> _Input records_:
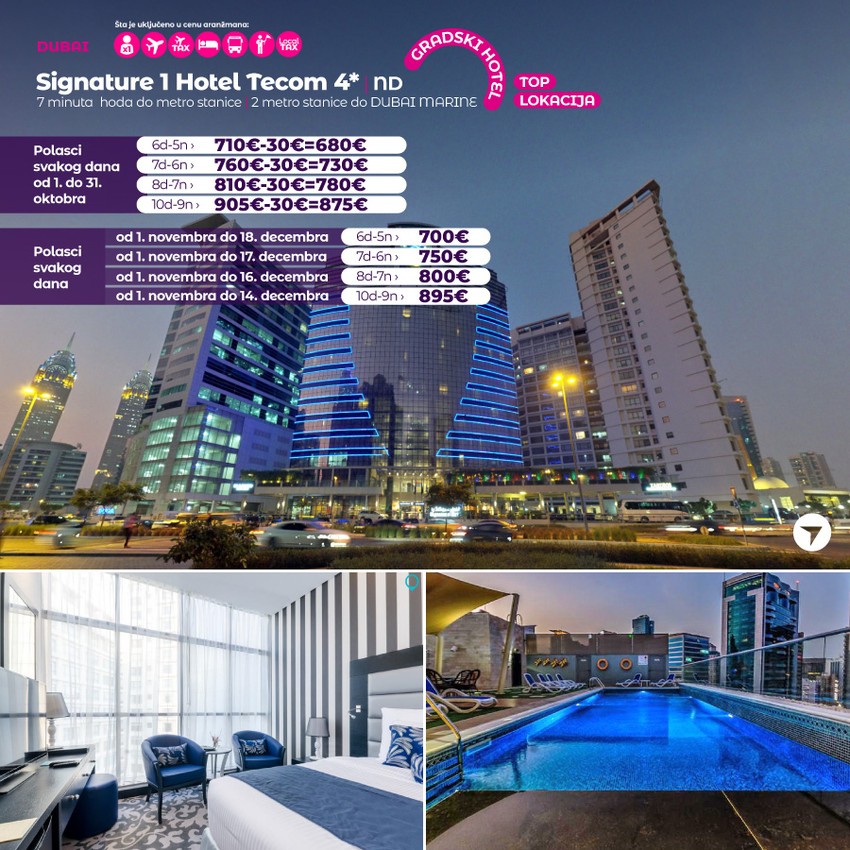Hotel se nalazi u oblasti Al Barsha Tecom, svega 5 minuta od Mall of The Emirates. Hotel ima otvoreni bazen koji je otvoren tokom cele godine. Sobe su klimatizovane, sa dnevnim boravkom, LCD televizorom i radnim stolom. Takođe, gostima je na raspolaganju mini bar i aparat za čaj i kafu. Hotel je udaljen 8km od Ibn Battuta Mall-a, dok je aerodrom u Dubaiju udaljen 30km.
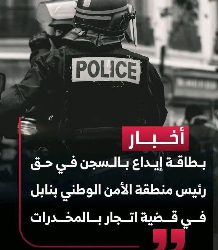 وكانت النيابة العمومية قد قررت سابقاً إحالة رئيس منطقة الأمن الوطني بنابل بحالة سراح أمام قاضي التحقيق، في إطار التحقيقات الجارية بخصوص ملف الاتجار بالمخدرات. وبعد الاستماع إليه رسمياً، قرر قاضي التحقيق إصدار بطاقة إيداع بالسجن في حقه، في انتظار استكمال بقية الأبحاث القضائية في القضية.
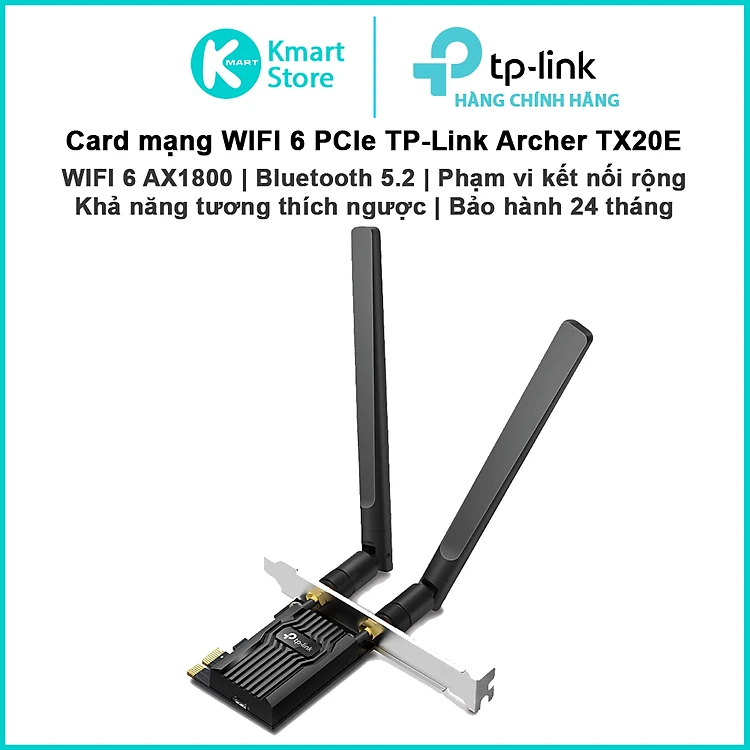Card mạng WIFI 6 AX1800 Archer TX20E | Chuẩn PCIe | Bluetooth 5.2 | Phạm vi kết nối tín hiệu rộng | Bảo hành 2 năm | Hàng Chính Hãng
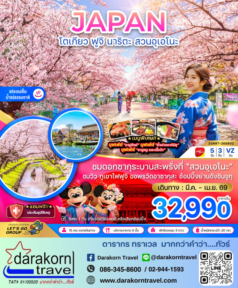 | DAY3 | ดิวตี้ฟรี – โตเกียว – ชมซากุระ สวนอุเอโนะ – ชินจูกุ – นาริตะ |
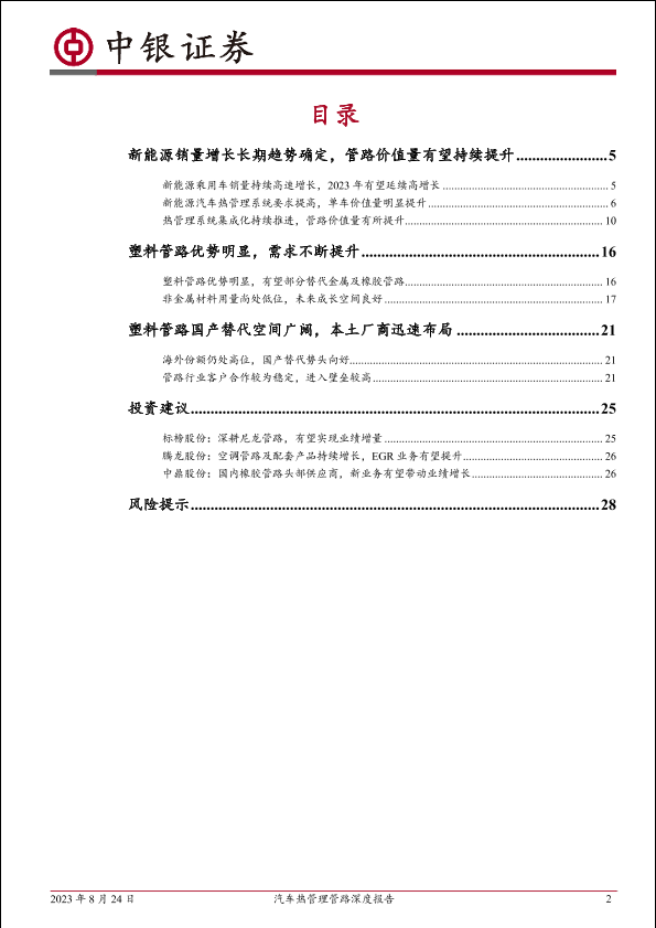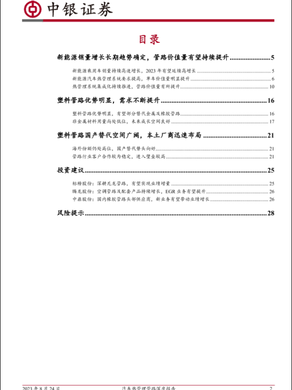 【中银证券】【20230824】汽车行业热管理管路深度报告:新能源管路空间大幅提升,塑料应用高速增长-30页

> _Brief_: Only the lines from the one holding "Card mạng WIFI" through the end of the data are to be printed, exactly as they stand and with no pictures.

> _The completed task_:
Card mạng WIFI 6 AX1800 Archer TX20E | Chuẩn PCIe | Bluetooth 5.2 | Phạm vi kết nối tín hiệu rộng | Bảo hành 2 năm | Hàng Chính Hãng
 | DAY3 | ดิวตี้ฟรี – โตเกียว – ชมซากุระ สวนอุเอโนะ – ชินจูกุ – นาริตะ |
 【中银证券】【20230824】汽车行业热管理管路深度报告:新能源管路空间大幅提升,塑料应用高速增长-30页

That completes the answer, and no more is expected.